The contents are not above average merit, judging them by the standards of undergraduate composition. Of the three poems, the most ambitious and decidedly the best is "Nobody's Land." One passes indifferently over the trite "heart-story" which lies behind this rhapsody and forgives Mr. Jopling some melodramatic lines, content to find in him true appreciation of the great western desert and a gift of expression which sometimes reaches eloquence. There is nothing to praise, in Mr. Murdock's effusion on "The Game." It embodies an idea latent in the minds of many people, that poetry means making similes and the more the better. Mr. Sanger's poem on election which knows no form. It might go on forever, or it might be cut down by three stanzas without great damage; and any one stanza might follow any other. Yet the poem is not without a terse effectiveness.
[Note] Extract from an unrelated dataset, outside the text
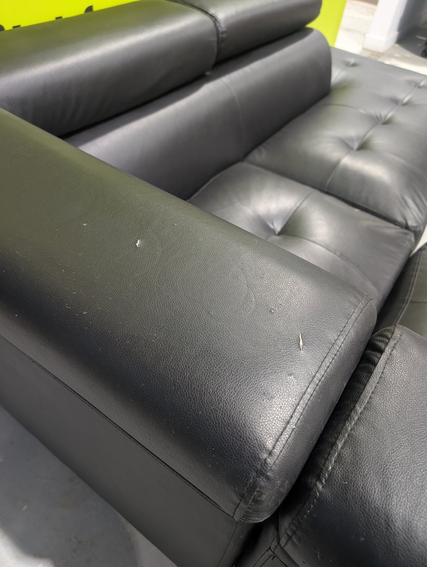 • One of the seat cushions has noticeable damage, which has been considered in the pricing. There are also some rips in the faux leather which can be seen in the pictures

Distinctly the best work is done in the essays where undergraduate work usually is best. Mr. Whistlerr's plea for strict nonprofessionalism in amateur athletics stands out as the most noteworthy contribution to the magazine. The exposition is admirably clear and just, the illustrations are well chosen, and there is a maturity in the style which is most grateful to the reader. "The Joy of being a Freshman," by Mr. Murdock, is in humorous vein, and enjoys a real merit among pieces of its kind in making fun moderately and in having a vital subject. The writer has discovered a truth is too late,--that of all four years at college there are only two which really count, the last and the first.
The stories are the least satisfactory part of the Advocate's contents. Mr. Larrabee's narrative of conversion and the mysterious ways of Providence is slow in starting and foggy in psychology. We have no faith in the hero's change of heart, for he is ever a creature of impulse and moves when and where his creator would have him. "Borrowing a Smile," by Mr. Clark, save that it is more firmly constructed than the other story, has little to recommend it. The moral is hackneyed, and the subject is just such a one as would suit a Munsey "storiette." To say that it is banal and trifling is to be as severe as courtesy allows.